With eyes turning to life after lockdown, I’ve been thinking about my passive income list. That’s a list of the stocks I like to help me generate income.
I like investing a little each month in shares to generate passive income. That takes little time or effort on my part. It also doesn’t need a lot of capital – I could generate passive income this way for a pound a day. Of course, that relies on dividends being paid, which is never guaranteed.
But here are 10 stocks I’m currently considering for my passive income list.
Dividend growers
Some companies have a long history of growing dividends, which could help increase passive income each year.
Past dividends are not a guide to future dividends. But if a company has a good business model, seems well-run and is cash generative, I often consider its potential to grow dividends in future.
An example of such a share I would pick for my passive income list is Diageo. The branded drinks manufacturer has been growing dividends for over three decades. Declining alcohol consumption habits in key demographics is a risk.
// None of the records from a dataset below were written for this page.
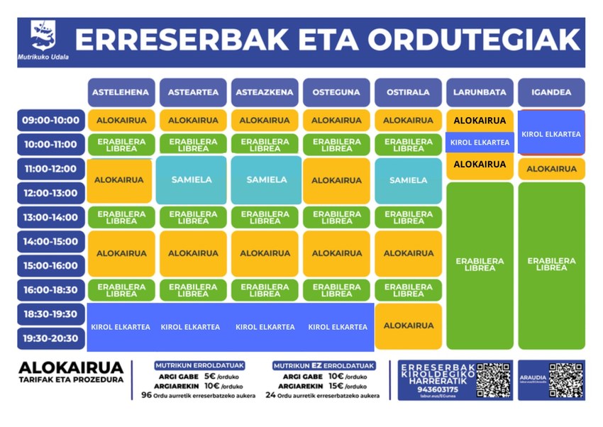 - Ordu horiek erreserbatzeko Mutrikuko kiroldegiarekin harremanetan jarri beharko da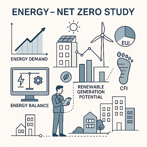 We provide clear analysis of key performance indicators such as Energy Use Intensity (EUI) and Carbon Footprint Index (CFI) to benchmark the building’s trajectory toward net zero. We also assess alignment with recognized frameworks such as Climate Challenge, or local/national net zero policies (as applicable). Our Net Zero Studies help clients make informed decisions about energy systems, electrification strategies, and renewable energy sizing—supporting cost-effective, future-proof, and environmentally responsible design outcomes.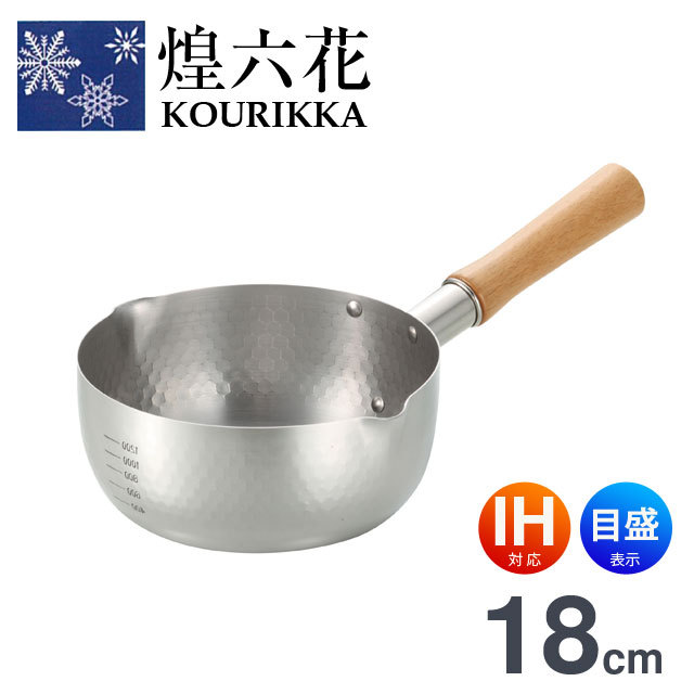 | 雪深い越後人が生み出した技で作り上げた雪平鍋 IH対応のステンレス製の雪平鍋。お手入れしやすく、長くきれいな状態で使えます。 ・天然木で安定感のあるハンドル持ち手。使い込むほどに手になじむハイグリップ感覚。 ・便利な目盛り付き(400・600・800・1000・1200ml) ・外観は日本らしく美しい鎚目仕上げ。 ・木柄カツラ部分も熱源に考慮し長く、木柄止めネジも長く2本止め。 |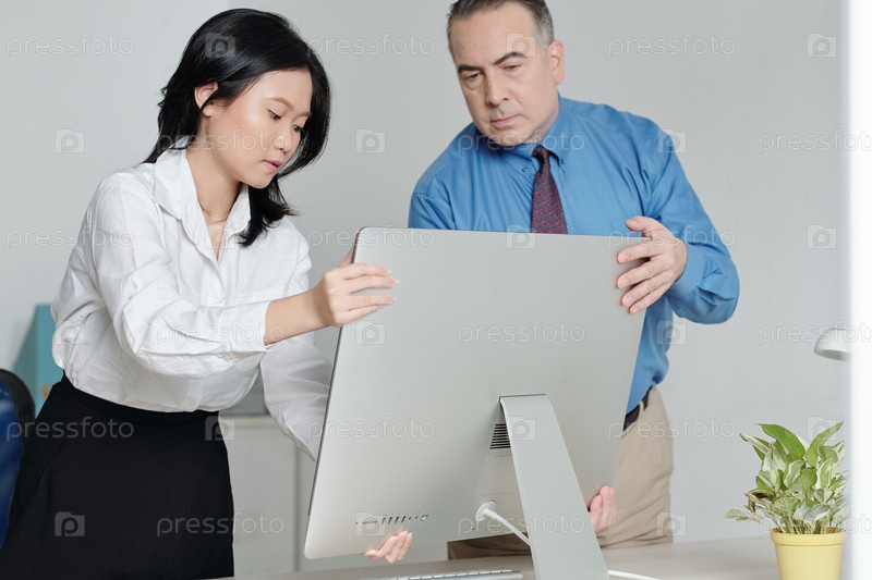 Мужчина помогает коллеге с компьютером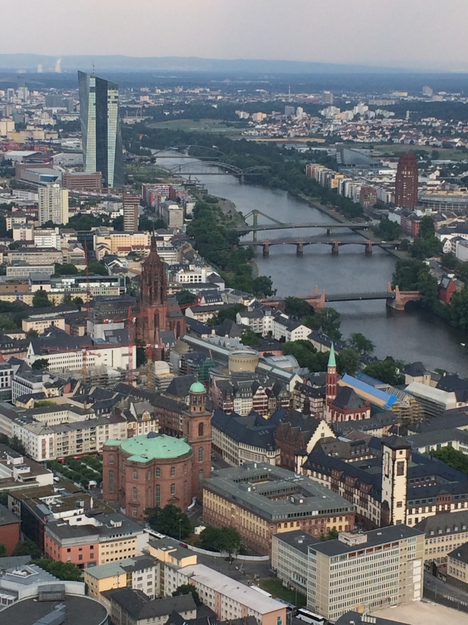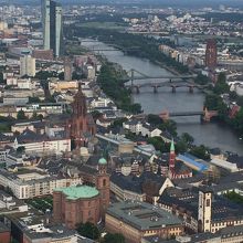 地上200メールの高層ビル屋上から中世建物群、大聖堂、マイン川などフランクフルトの観光スポットを一望できます。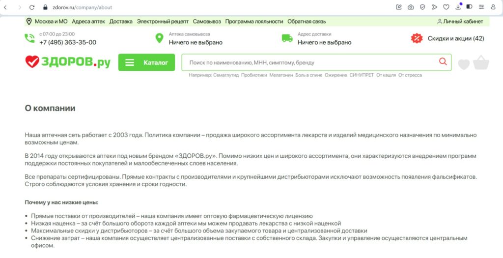 Аптечная сеть, основанная в 2003 году, отличается прямым сотрудничеством с ведущими отечественными и зарубежными производителями, крупными поставщиками. Товары проходят сертификацию. Сеть известна внедрением программ лояльности, поддерживающих отношения с покупателями с ограниченными финансовыми возможностями. Компания разработала систему доставки, охватывая Москву, Московскую область, Нижний Новгород и Санкт-Петербург. Стоимость транспортировки варьируется в зависимости от суммы и веса. Если заказ до 2000 руб., стоимость составляет 179 руб., если выше – осуществляется бесплатно. Прием заявок ведется круглосуточно, график отправки охватывает весь рабочий день. Система расчета включает электронные платежи, с гарантированной защитой персональных данных через использование технологий шифрования.

But I like the company’s solid portfolio of premium brands.
A couple of less well-known companies that have also grown dividends annually for decades include fuel group DCC. At 2.3%, I think the yield reflects the fact that investors know and like the company’s dividend policy. Risks include any decline in gas usage.
Alarm specialist Halma yields only 0.7%. That might not sound like a lot of passive income. But over four decades of annual dividend increases of at least 5% attract me. A risk is that dividends might not keep being raised. But the focus on often essential alarms suggests a strong future end market if the company can keep growing its customer base.
Strong cash flows
A company that throws off a lot of free cash is in a strong position to pay dividends. That’s why I look for free cash flow when assessing companies on my passive income list.
Tobacco giants Imperial Brands and British American Tobacco are both large free cash flow generators. I hold both for their yields of 8.9% and 7.5% respectively and would consider adding more. Tobacco demand is falling in many markets, though, which could hurt future free cash flow generation ability.
Free cash flow for oil companies is often linked to the oil price, so an oil price fall can hurt profits. But the oil price recovery bodes well for BP and Shell. Both cut their dividends last year, yet they still yield 5.3% and 3.6% respectively.
High yielders on my passive income list
I would also consider high-yielding shares, even if their dividend history is mixed. For example, financial services provider M&G has a short history as an independent listed company. But its yield of over 8% earns it a place on my passive income list. Risks include any economic downturn hurting demand for financial services.
Major insurance brand Direct Line yields over 7%. I am a bit wary about the fact that directors have sold shares lately but haven’t bought any in over a year. But I do think the powerful brand is an asset.
Finally, telecoms giant Vodafone yields almost 6%. I like its strong market position, although risks include the high costs involved in setting up 5G.